Messing with a Masterpiece
October 23, 2008
Historic preservation is an art, not a science. As such, it demands aesthetic creativity equal to that of painting or music, indeed any art. Only recently have architects and conservators begun to think of building preservation in this way. Yet the challenges of preserving the world’s most precious architecture are pressing professionals and patrons to find more creative solutions in the face of diminishing resources.
Paul Le Clerc, the director of the New York Public Library, is well aware of these challenges. He presides over one of the nation’s greatest cultural institutions and cares for an architectural treasure beloved of all New Yorkers–Carrere & Hastings’ main library at 42nd Street and Fifth Avenue, finished in 1911. Though attached to an elite institution that caters to scholars, Le Clerc sees himself as a populist. His mission, he believes, is to take the NY library system into the information age. Two years ago, he was presented with a pot of gold by a Wall Street tycoon with which to transform the city’s library system. With that gift began a travesty that will have profound consequences for New York and for historic preservation as a discipline.
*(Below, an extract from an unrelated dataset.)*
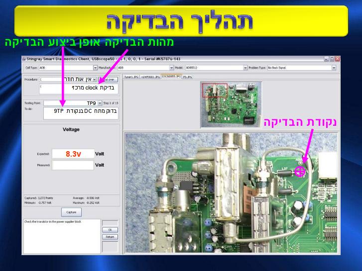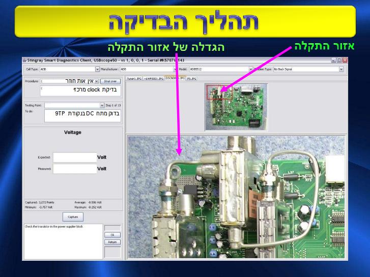 Smart Diagnostics System (SDS) enables one to locate failure and repair electronic devices using visual procedure. The SDS consists of the procedures database — SDS Data Base, software application SDS Client and Administrator and measurement unit — USB50Scope. The technician repairs the device under test, step by step according to procedure. SDS will provide the procedures for testing and repair of electronic devices for non-professional technicians. SDS internet edition enables one to use the huge database for any repairing process in the various electronic industry fields.

After many months of interviews and deliberations, Le Clerc and the library’s board have chosen Sir Norman Foster to be the architect of a massive renovation of the 42nd Street building. Perhaps sensing public outrage, the New York Times buried the announcement on the back page of its arts section. Accompanying the article was a piece by the Times architecture critic, Nicolai Ouroussoff that began by praising the building as “one of the most glorious examples of civic architecture in America” and asking “Why tinker with it?” Unfortunately Ouroussoff can never resist a chance to trumpet the virtues of European avant-garde architects, and launched into a vigorous defense of the library’s plan and its choice of architect. Despite his spurious arguments, New Yorkers who love this extraordinary building will be outraged not only by the “hubris” (Ouroussoff’s word) of the library administration and board, but by its selection of one of the most anti-preservation architects in the world to carry out the plan.
There are so many things wrong with this choice that it is hard to know where to begin. The initial decision to gut the library’s innovative stack spaces and to make them into public spaces was suspect when examined from a number of different points of view. Why was it necessary to have these facilities in the main library when a technology branch across the street had just closed? Were the scholars, specialists, and tourists who value this building not reason enough to maintain it? How was it that the board chose to relocate one of the most valuable, indeed priceless, collections of books, manuscripts and printed matter on Earth in a vast subterranean space below Bryant Park? The board must also have considered the kind of criticism it might encounter over changing the interior of what is arguably the best modern library in the United States, and one that achieved its significance partly as result of the design of the stacks. Why is there a double standard when it comes to other, unimpeachably “modernist” landmarks such as the Guggenheim Museum, the Kimball Museum in Fort Worth, or the Whitney? These buildings actually required expansion (not an issue at NYPL), yet when excellent architects were chosen to create additions, the critics and design community went berserk. Their argument–masterpieces must retain their integrity, and no addition would be acceptable for works of such stature. It appears that for the “design community” certain masterpieces are expendable, others inviolable.
Then there is the question of what kind of architect might be chosen for such a renovation. America has a large, distinguished community of traditional, classical architects who were capable of creating a seamless and harmonious interior renovation, perhaps even maintaining some of the stacks in their present position. The board members made it clear in recent press statements that they were not interested in this approach. Ouroussoff was quick to come to their defense: “This [traditional] approach trivializes history by blurring the distinction between old and new. The result is a watered-down vision of history–or worse, kitsch.” This well-worn and completely spurious argument holds no water for intelligent patrons throughout the world, from the Trustees of the Harvard Business School and Princeton University to the Dons at Cambridge University, who have commissioned magnificent traditional buildings from superb architects such as Robert Stern, Demitri Porphyrios, and Quinlan Terry. Moreover, it ignores the view of history that is most relevant to the 21st century, instead clinging to a 19th century Hegelian ideology that philosophers abandoned decades ago. “One has to embrace one’s time,” said board member Catherine Marron, forgetting that our century is full of pluralistic responses to history.
I’ll address the issue of why preservation of the New York Public Libary deserves a better architect in my next post. But suffice it to say that I don’t believe that Norman Foster is “as good as Carrere & Hastings” (a firm I’ve researched and written a book on), nor do I think that he is capable of designing “a second masterpiece” inside a virtually windowless space of 1.25 million square feet that was designed specifically for the storage of books.